**Study material:**
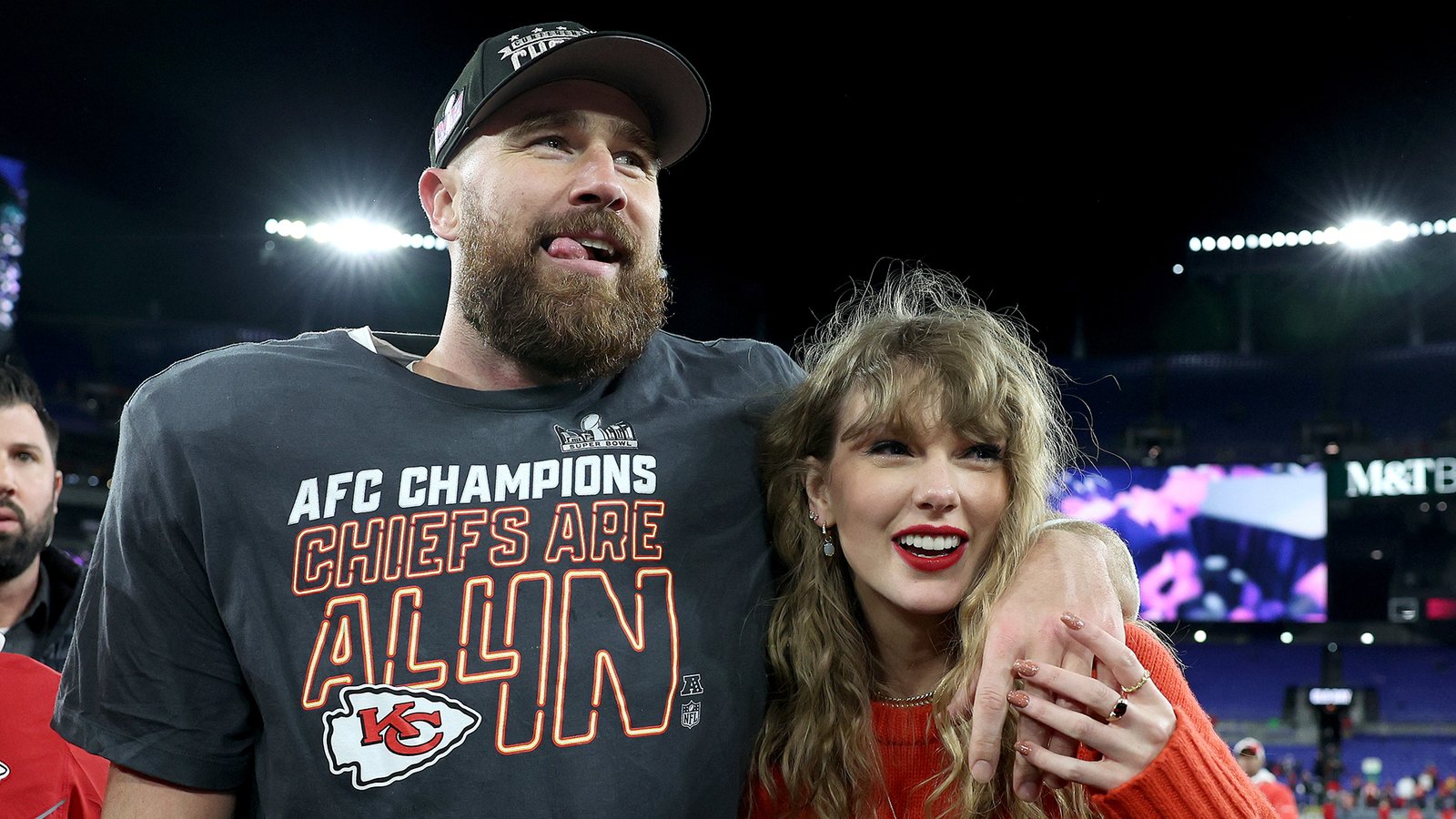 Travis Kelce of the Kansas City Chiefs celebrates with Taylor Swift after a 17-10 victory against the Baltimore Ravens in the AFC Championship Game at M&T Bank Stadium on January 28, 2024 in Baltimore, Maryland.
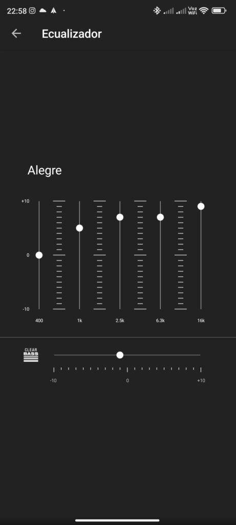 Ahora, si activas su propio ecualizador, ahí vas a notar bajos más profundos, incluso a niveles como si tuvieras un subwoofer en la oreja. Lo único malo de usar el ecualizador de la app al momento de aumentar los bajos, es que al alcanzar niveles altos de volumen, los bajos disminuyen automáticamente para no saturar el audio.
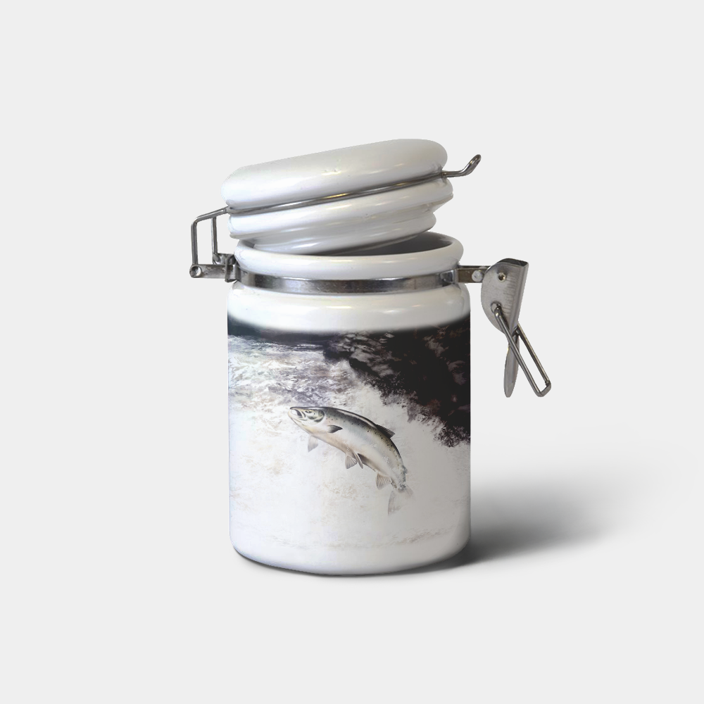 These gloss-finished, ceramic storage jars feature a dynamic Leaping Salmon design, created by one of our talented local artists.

---

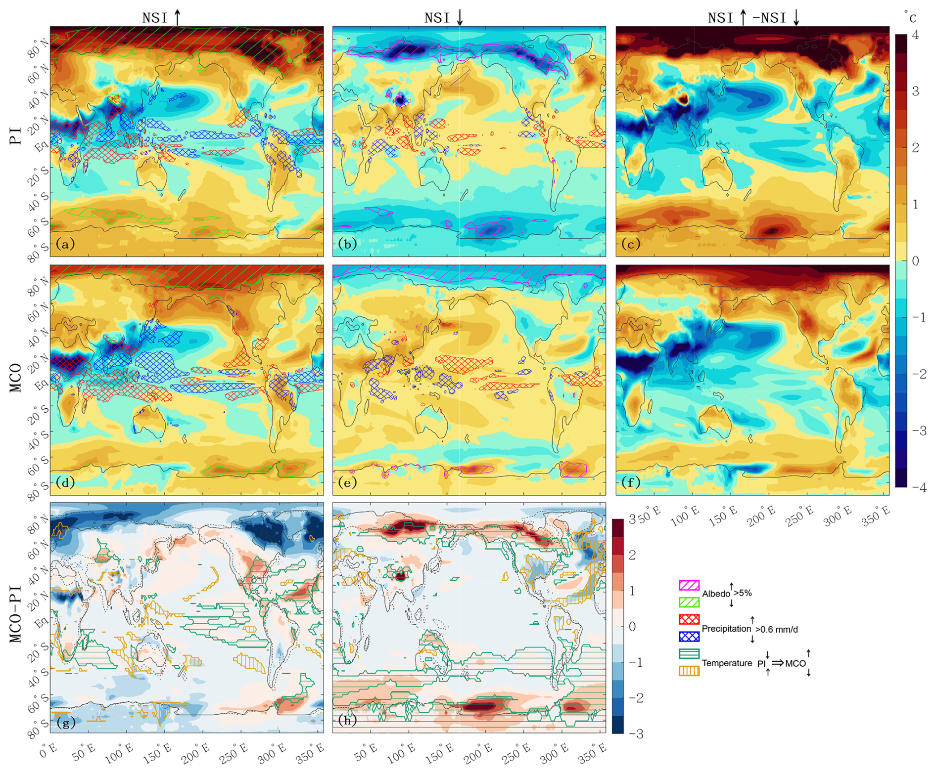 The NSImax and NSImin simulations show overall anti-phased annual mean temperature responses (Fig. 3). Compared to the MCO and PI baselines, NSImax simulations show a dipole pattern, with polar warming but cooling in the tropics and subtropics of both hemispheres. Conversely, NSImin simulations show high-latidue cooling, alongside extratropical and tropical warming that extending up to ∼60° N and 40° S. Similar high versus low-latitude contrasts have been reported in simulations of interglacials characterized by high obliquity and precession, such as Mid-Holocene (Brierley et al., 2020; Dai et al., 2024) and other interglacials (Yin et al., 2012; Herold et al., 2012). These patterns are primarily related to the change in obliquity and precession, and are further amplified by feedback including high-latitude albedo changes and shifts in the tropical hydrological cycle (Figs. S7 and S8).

--

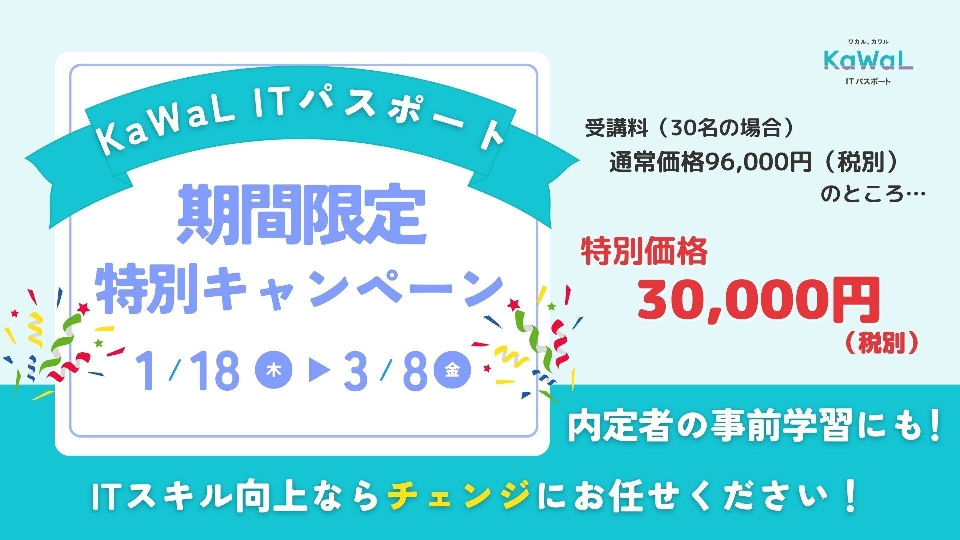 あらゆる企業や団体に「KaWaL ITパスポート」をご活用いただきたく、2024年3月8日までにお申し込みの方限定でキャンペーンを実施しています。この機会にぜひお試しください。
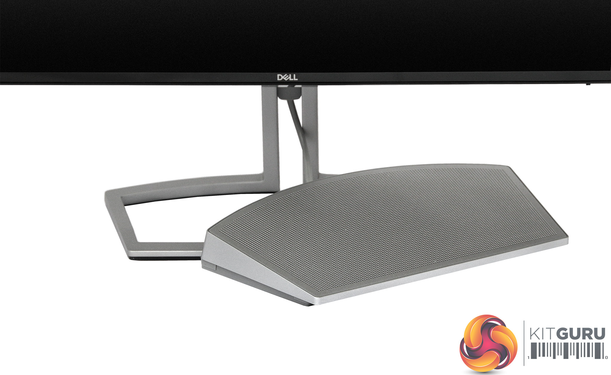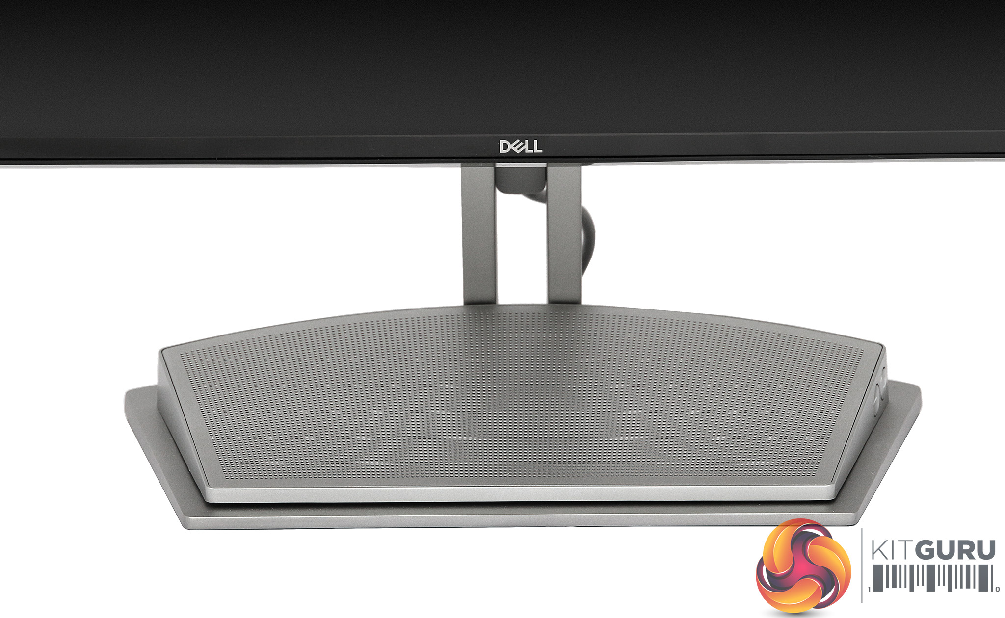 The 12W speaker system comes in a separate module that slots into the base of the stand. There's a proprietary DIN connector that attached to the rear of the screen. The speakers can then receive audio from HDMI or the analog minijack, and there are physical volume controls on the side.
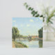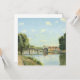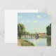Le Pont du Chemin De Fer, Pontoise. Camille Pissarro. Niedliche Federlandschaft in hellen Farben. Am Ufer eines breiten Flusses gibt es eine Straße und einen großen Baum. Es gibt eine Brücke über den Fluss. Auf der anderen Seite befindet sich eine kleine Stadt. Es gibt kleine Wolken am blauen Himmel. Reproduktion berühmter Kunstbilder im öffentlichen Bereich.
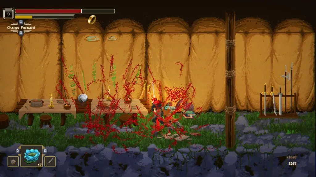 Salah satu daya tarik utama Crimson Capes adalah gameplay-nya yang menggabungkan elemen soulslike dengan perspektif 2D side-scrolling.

**Problem details:**
Leave the pictures out, and transcribe exactly the lines above starting at the one that contains "Ahora, si activas" and ending at the one that contains "These gloss-finished, ceramic".

**Answer to the exercise:**
 Ahora, si activas su propio ecualizador, ahí vas a notar bajos más profundos, incluso a niveles como si tuvieras un subwoofer en la oreja. Lo único malo de usar el ecualizador de la app al momento de aumentar los bajos, es que al alcanzar niveles altos de volumen, los bajos disminuyen automáticamente para no saturar el audio.
 These gloss-finished, ceramic storage jars feature a dynamic Leaping Salmon design, created by one of our talented local artists.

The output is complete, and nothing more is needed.